How can it be that I’m bored with my travel story? This makes no sense. I was outrageously excited to be there and had an exceptionally good time for a lot of the time. Concern about my mother dominated a lot of the actual time there but it was beautiful and different and I like both beautiful AND different.
So why am I stalled in writing about it? I know that there are some amazing experiences coming up in my story.

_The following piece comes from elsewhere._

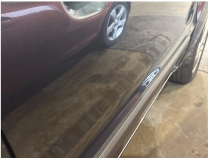
17: Door osf Dented Between 10mm + 30mm

I’m pretty sure I’ve expressed the undercurrent of anxiety … but there’s more. There was the flight … but then there was the first night in Edinburgh when I couldn’t sleep because I was practically paralysed with anxiety: literally crippling anxiety. My muscles were tensing in waves throughout my body, starting in my feet and all the way up to my neck: one muscle group would contract and only release when the next group tensed up. All night. And again the following night but only for a couple of hours. There was my mother being so carsick and sore en route to our happy western highland hideaway … but there was also the thing she said to me in Inverness which I can’t even repeat. Suffice to say, it was not directed at me and it was not happy.
I love my mother but I really enjoyed my time abroad after she went home.
Don’t you find it can be difficult to relate real-life experiences? The good, the bad, and the ugly are all mixed up together. . . .
LikeLiked by 1 person
In a way, yes. But in a way, everything is like that. I don’t know. I have to think about it.